I am currently trying to model the data for our application. The data consists of identities and groups. One group can have multiple identities and one identity can be in multiple groups. (a typical many-to-many relationship).

data model

So I have used the Adjacency List Design Pattern to structure my data as recommended by AWS: https://docs.aws.amazon.com/amazondynamodb/latest/developerguide/bp-adjacency-graphs.html

I keep all the info about identities duplicated inside the groups and reading the data works just fine - a normal query for the details and a query against the index to get the relations of my objects.

How can I ensure that all duplicated records have the same value? Every time the group changes, I am updating all the duplicated group records in the database. I am okay with updating multiple records at once as changes will happen rarely but I want to avoid inconsistent data.
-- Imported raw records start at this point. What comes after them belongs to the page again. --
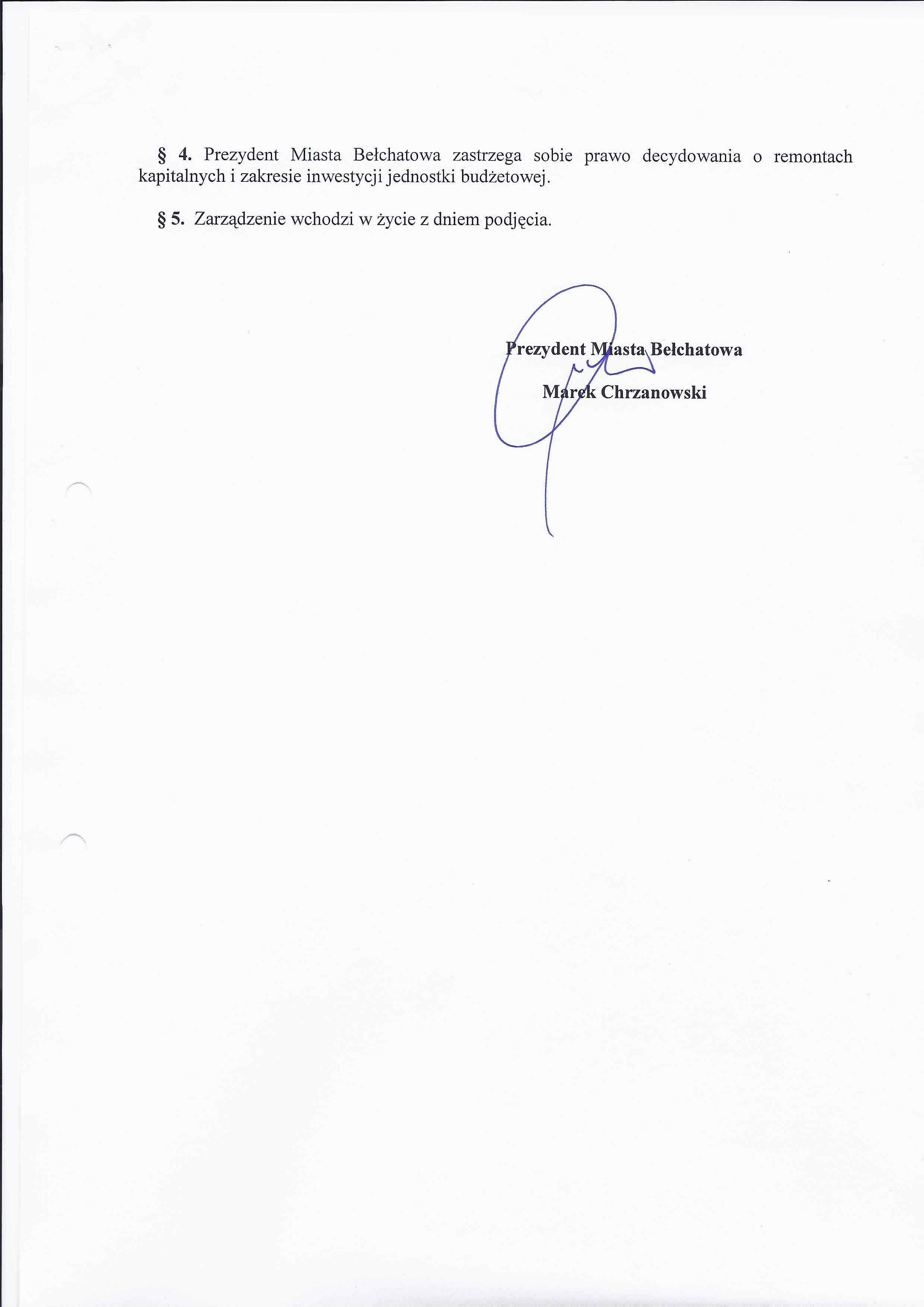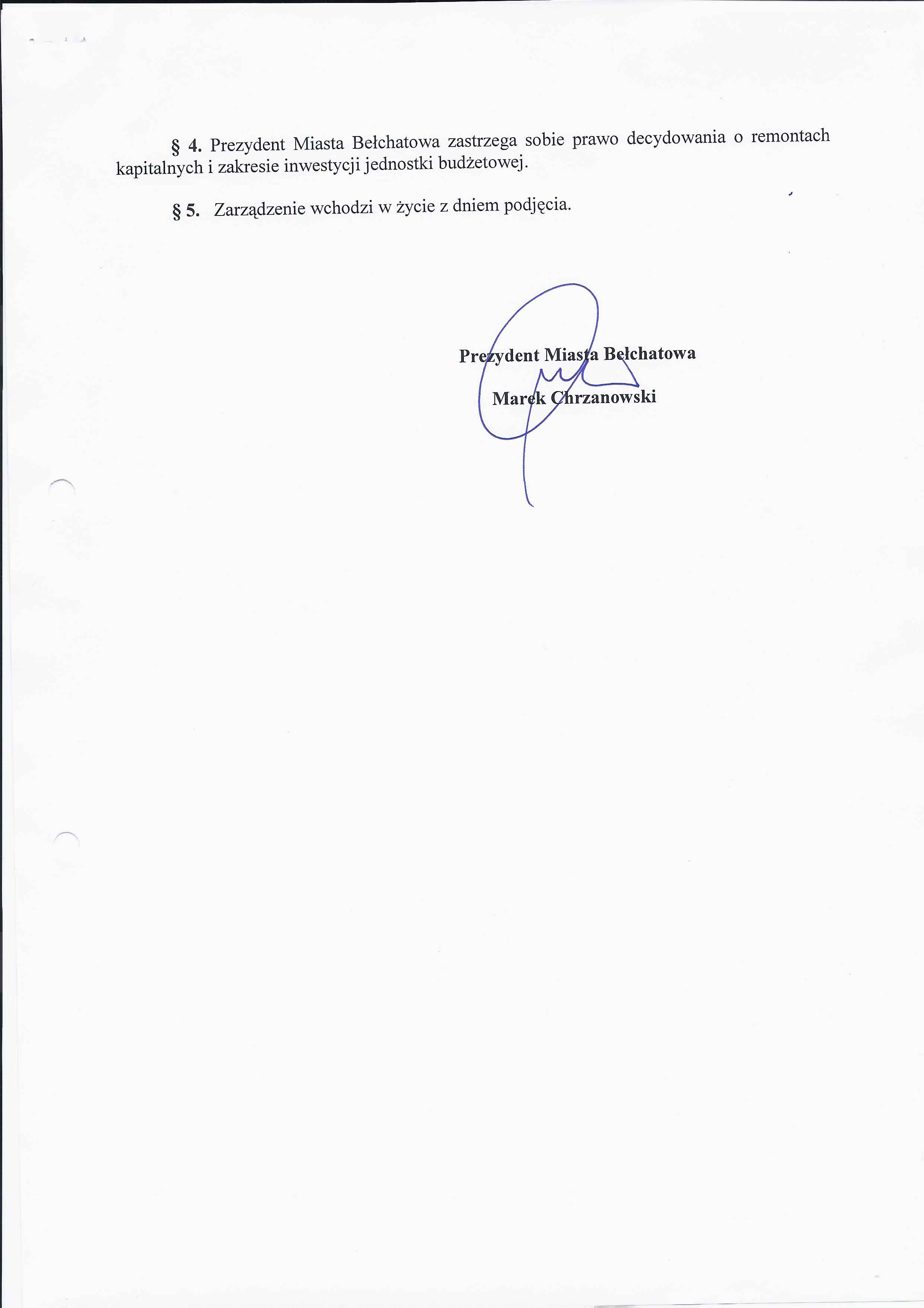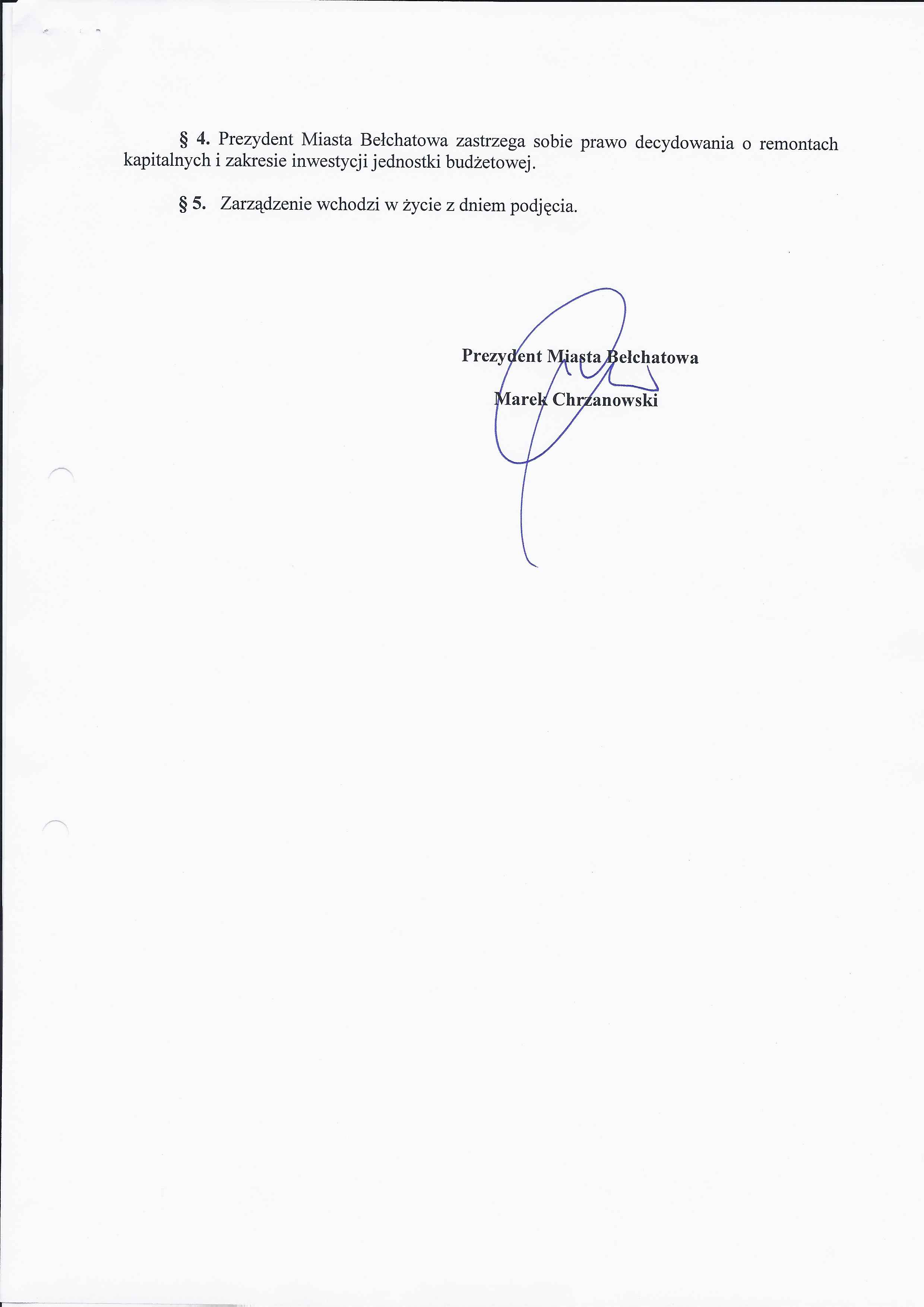 Zarządzenie Nr 206 z dnia 3 września 2012 r. w/s nieodpłatnego nabycia środków trwałych - budowli w postaci przyłączy wodociągowych, urządzeń kanalizacji sanitarnej i deszczowej na majątek Miasta Bełchatowa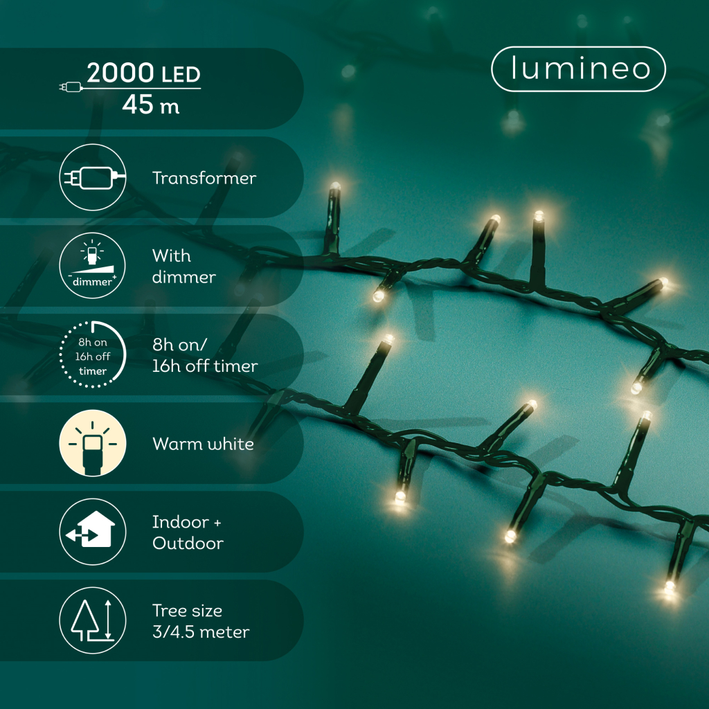 Méret: Hossz: 16 m + 5 m kábel (300-450 centis fenyőfához ideális választás), 2000 db LED égő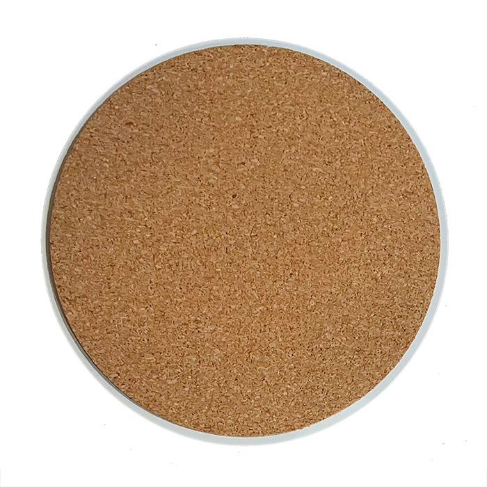 De achterkant is bekleed met kurk om het oppervlak te beschermen.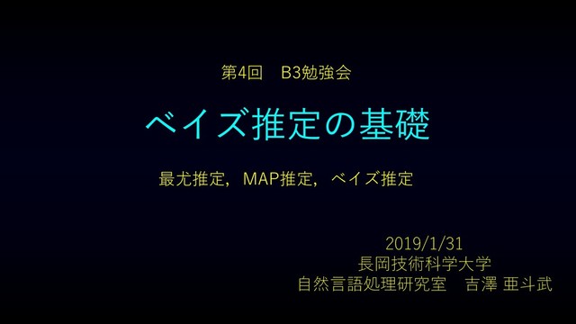 (1) Maximum likelihood estimation (2) MAP estimation (3) Bayesian estimation (4) Exponential distribution family and conjugate prior distribution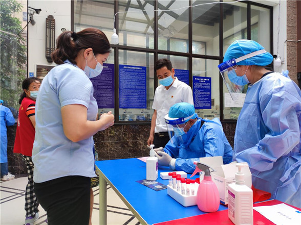 “你先回家休息,現(xiàn)場還有大家呢……”翟書記耐心開導(dǎo)現(xiàn)場疲憊感明顯的工作人員。在現(xiàn)場工作中,他提醒工作人員注意個人防護,及時休息,有“硬骨頭”就丟給他。他是社區(qū)書記,更像一個大家長,時時刻刻庇護著社區(qū)的所有人。

All the tutorials and guides always just talk about reading and accessing data not about updating the data.

I know that there is a TransactWriteItem-Reuquest but it is limited to 25 items maximum. So is there another way/pattern to guarantee that all my identity records are updated when e.g. the name changes.

Upvotes: 2

Views: 560

Answers (1)

Mike Dinescu
Mike Dinescu

Reputation: 55760

You have to decide for yourself how consistent is consistent enough in your application.

The CAP theorem is alive and well and it says that to get availability and partition tolerance we have to sacrifice consistency.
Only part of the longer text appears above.